Letter to the Editor

Story included misrepresentation of fact

Tuesday, September 10, 2024

Dear editor,

The article title “Council: Revisions made to golf pro contract” on Page 6 of the latest edition (of the Mountain Home News) has a significant misrepresentation of fact.

From paragraph 6: “Previous stories published in the Mountain Home News also revealed concerns with regards to the money needed to keep the golf course operating. Sources showed some of the funding came from enterprise funds to cover the costs of water, sewer and sanitation services.”

The statement above is not only false but has overt connotation that financial wrongdoing has occurred.

To be clear, no water, wastewater or sanitation enterprise funds have been used to fund golf course operations.

The term “enterprise funds” has an express definition in municipal governmental budgeting. These funds cannot be utilized for any other function except for which they are expressly permitted and intended in their respective budget segments. The various layers of city staff, legal team and third party auditors would never allow this to occur.

Enterprise fund usage defined: Enterprise Funds are used to account for activities that charge a fee for goods or services. Generally accepted accounting practices require the use of enterprise funds for activities whose principal revenue sources include: debt backed solely by user fees and charges (such as revenue bonds that are not secondarily secured by the full faith and credit of the government); or revenue received from services in which the government is legally required or has a policy to recover the costs of providing the service with user fees or charges (including capital costs such as depreciation or debt service). Enterprise funds are created for water, sewer and sanitation.

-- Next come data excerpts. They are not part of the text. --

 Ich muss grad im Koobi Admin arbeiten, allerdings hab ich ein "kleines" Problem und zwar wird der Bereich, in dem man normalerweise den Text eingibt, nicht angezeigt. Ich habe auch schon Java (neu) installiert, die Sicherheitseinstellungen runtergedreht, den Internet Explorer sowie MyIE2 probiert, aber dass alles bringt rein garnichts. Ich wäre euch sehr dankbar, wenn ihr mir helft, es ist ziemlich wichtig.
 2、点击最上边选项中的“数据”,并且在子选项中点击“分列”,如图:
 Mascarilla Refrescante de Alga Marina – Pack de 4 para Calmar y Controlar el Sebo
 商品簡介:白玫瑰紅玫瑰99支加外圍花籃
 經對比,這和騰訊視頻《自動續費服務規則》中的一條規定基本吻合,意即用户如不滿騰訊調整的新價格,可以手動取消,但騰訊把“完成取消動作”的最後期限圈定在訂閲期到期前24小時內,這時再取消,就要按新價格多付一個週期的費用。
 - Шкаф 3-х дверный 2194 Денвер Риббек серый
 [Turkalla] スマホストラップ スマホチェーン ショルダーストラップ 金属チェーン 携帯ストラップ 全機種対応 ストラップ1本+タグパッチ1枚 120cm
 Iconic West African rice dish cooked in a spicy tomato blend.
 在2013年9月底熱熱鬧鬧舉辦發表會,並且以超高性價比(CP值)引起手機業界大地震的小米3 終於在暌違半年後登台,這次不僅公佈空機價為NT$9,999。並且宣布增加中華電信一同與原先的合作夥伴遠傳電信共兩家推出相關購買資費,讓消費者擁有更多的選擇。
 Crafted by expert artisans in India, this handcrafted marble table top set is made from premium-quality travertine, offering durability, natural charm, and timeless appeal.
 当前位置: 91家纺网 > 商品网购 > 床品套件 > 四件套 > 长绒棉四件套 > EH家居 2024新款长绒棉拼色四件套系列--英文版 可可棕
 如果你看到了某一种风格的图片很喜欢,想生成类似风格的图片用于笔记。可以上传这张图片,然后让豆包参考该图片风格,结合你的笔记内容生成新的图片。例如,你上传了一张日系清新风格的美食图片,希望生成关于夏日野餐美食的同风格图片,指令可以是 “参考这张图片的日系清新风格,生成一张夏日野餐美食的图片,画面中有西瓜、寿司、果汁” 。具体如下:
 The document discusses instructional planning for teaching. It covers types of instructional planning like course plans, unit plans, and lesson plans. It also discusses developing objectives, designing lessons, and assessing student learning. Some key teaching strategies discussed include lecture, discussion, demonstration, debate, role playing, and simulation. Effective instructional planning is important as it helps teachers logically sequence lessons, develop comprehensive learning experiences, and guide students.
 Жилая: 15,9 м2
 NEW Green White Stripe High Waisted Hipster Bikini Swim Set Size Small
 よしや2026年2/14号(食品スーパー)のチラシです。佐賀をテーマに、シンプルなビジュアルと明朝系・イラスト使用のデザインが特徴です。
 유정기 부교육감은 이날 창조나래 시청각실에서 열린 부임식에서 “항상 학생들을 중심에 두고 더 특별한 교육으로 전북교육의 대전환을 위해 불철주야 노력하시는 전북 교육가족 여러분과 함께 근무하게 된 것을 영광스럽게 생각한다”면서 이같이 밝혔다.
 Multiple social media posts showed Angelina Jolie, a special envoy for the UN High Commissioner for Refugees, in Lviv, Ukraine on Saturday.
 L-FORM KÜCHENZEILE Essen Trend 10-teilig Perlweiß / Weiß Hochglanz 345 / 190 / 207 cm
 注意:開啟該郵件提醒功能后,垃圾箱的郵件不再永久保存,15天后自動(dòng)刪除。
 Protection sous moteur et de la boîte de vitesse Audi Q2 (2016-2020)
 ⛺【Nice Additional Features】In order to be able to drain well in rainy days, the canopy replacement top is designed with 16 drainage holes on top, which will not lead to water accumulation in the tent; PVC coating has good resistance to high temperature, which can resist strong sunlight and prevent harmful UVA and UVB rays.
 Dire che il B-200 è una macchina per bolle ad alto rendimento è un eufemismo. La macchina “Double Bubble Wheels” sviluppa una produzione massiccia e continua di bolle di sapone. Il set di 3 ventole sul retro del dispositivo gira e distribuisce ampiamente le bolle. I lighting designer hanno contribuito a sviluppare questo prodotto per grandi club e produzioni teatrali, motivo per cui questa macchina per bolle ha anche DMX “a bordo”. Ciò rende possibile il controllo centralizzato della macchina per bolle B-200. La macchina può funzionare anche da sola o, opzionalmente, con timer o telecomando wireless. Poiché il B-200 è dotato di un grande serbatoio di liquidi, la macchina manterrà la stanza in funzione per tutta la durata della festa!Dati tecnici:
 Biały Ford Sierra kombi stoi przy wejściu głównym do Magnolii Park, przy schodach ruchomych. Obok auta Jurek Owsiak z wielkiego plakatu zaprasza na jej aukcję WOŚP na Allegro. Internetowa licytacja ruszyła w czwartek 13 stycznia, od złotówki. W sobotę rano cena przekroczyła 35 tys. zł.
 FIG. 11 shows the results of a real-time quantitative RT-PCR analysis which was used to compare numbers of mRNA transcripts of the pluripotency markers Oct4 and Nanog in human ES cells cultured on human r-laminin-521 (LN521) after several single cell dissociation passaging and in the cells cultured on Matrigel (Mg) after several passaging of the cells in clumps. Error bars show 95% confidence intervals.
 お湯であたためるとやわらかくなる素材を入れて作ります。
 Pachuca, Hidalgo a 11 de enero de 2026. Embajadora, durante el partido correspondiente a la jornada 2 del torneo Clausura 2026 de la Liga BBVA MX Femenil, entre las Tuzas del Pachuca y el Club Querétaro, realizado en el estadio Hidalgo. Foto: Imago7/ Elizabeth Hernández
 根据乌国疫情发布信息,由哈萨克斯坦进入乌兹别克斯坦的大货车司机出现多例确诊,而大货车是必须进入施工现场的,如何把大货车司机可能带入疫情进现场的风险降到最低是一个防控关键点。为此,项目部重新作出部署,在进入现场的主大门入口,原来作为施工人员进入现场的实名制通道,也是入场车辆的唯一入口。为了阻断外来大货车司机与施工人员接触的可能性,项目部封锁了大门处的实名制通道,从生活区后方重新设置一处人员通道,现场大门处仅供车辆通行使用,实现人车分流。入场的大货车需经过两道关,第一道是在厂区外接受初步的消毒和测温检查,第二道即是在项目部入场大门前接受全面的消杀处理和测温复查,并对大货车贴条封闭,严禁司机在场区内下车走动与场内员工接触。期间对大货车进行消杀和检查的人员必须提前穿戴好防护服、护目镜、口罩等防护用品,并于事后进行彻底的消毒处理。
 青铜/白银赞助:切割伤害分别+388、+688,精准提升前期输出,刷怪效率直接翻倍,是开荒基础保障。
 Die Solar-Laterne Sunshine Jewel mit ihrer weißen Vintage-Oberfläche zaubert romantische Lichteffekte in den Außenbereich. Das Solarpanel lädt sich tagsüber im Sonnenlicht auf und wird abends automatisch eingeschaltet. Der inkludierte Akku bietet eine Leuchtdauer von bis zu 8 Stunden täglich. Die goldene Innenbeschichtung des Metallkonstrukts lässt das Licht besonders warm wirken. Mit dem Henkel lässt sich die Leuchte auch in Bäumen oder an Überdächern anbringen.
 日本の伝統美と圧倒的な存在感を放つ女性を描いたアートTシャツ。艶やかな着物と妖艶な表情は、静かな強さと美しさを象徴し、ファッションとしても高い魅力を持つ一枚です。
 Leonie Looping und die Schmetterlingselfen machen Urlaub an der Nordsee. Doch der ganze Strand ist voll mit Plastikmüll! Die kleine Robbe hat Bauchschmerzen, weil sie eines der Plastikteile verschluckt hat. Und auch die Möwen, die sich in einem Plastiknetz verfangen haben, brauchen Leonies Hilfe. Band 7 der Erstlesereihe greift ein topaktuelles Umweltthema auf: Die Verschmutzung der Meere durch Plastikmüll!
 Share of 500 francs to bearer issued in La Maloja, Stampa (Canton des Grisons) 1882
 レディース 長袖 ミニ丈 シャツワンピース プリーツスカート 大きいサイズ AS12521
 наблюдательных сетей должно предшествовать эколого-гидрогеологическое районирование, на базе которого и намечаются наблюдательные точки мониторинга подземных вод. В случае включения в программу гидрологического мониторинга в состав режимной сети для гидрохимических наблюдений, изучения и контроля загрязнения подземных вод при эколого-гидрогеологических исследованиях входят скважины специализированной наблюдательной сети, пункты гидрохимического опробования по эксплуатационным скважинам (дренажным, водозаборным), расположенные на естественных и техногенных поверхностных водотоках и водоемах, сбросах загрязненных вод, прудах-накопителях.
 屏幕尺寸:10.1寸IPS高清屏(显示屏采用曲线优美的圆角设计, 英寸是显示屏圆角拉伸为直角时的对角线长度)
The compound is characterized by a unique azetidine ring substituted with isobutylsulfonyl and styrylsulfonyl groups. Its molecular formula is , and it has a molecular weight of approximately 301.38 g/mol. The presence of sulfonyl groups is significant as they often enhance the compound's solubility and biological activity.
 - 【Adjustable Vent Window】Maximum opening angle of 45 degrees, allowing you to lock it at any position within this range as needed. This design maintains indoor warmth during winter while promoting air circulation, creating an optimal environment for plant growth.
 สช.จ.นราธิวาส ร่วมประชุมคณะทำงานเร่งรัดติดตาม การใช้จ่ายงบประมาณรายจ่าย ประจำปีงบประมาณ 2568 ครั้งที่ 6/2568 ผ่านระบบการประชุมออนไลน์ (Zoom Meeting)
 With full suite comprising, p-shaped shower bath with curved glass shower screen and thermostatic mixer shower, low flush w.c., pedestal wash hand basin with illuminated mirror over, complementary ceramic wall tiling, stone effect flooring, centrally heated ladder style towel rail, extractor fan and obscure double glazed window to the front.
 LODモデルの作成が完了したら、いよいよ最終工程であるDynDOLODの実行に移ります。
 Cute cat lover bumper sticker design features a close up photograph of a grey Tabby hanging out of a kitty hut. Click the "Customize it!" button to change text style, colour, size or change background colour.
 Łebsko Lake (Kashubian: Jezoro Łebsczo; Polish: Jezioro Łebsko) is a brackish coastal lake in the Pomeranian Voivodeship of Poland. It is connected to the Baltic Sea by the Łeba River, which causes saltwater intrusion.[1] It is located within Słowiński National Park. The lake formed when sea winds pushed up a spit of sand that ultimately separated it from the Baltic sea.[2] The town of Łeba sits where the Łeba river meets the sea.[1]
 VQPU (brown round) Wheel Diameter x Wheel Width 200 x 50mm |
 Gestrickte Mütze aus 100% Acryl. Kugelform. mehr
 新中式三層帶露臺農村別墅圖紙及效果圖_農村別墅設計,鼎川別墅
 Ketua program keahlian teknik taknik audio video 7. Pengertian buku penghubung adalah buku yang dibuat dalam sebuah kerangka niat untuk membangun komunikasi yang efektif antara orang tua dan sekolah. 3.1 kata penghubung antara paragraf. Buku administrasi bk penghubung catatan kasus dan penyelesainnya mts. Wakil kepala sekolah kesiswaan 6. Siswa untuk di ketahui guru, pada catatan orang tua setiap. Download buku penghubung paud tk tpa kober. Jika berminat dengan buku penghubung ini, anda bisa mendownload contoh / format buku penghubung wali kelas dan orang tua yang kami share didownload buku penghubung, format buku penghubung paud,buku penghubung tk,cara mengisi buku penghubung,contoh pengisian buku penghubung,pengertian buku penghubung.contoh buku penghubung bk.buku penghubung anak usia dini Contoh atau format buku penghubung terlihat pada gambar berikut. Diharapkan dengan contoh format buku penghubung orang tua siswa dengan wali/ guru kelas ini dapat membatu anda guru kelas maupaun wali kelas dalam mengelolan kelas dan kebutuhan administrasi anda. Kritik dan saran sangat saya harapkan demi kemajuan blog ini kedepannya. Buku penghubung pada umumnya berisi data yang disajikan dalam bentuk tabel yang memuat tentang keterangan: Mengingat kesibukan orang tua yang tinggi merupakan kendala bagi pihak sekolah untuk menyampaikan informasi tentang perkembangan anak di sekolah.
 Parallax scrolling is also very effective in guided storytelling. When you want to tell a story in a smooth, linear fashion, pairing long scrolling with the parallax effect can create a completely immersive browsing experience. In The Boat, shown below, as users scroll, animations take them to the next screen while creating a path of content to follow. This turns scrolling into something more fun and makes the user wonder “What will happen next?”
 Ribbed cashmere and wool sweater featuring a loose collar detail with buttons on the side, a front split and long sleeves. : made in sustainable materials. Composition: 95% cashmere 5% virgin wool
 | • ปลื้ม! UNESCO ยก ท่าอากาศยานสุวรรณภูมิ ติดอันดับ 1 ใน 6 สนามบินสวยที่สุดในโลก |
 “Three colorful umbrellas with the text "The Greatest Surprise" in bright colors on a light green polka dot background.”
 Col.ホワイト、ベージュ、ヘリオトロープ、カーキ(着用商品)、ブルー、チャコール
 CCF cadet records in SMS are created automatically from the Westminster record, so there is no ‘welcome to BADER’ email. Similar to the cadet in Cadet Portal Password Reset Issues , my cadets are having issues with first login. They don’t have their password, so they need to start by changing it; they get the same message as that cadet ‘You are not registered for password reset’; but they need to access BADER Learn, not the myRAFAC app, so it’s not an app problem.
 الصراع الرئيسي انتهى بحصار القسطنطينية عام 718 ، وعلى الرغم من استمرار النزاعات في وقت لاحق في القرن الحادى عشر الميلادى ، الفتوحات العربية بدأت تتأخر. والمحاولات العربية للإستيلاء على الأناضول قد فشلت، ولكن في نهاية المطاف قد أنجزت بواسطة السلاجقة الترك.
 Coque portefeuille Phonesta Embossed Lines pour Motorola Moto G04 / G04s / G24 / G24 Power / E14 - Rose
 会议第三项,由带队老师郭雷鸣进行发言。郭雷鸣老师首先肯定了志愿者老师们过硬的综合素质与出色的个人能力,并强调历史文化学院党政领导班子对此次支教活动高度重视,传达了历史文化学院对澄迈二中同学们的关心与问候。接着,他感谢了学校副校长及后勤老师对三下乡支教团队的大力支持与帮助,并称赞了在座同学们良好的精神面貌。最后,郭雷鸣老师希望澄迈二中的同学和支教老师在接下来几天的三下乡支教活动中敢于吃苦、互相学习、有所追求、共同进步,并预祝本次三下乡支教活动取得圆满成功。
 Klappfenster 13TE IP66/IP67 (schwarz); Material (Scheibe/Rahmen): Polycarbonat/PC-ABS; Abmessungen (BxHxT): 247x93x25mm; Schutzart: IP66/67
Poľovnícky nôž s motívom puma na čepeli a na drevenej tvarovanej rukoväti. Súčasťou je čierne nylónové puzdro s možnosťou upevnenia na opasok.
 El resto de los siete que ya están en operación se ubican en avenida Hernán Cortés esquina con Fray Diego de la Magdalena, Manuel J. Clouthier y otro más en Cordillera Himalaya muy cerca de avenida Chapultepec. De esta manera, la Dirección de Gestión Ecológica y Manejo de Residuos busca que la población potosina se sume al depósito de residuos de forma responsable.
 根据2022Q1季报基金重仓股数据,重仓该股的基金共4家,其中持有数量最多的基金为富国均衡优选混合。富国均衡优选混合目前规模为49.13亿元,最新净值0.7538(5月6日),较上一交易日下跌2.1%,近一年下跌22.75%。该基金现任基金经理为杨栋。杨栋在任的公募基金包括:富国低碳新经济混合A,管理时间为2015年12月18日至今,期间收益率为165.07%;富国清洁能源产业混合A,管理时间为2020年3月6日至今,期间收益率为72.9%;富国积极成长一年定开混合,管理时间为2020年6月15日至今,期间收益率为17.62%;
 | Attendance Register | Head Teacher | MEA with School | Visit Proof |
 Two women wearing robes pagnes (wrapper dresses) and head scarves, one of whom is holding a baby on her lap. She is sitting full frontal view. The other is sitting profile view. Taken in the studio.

General funds (property tax dollars) and Enterprise funds (water and wastewater service fees) are not synonymous terms. For clarity, previous budget years saw transfers from the general fund to meet the deficit needs at the course.

In other recent articles, the Mountain Home News has published similar misstatements of funding sources pertaining to the City pool and the toddler park upgrades at Richard Aguirre park.

I implore the Mountain Home News to be more mindful of the specific details of budgetary topics such as this.

Regards,

– City Councilman

Scott Harjo

Editor’s note: Unfortunately, the newspaper relied on the accuracy of the information it received from outside sources related to this story featured in the Aug. 28 edition and was unable to double check this information with other sources before the newspaper went to print. The newspaper staff regrets this error.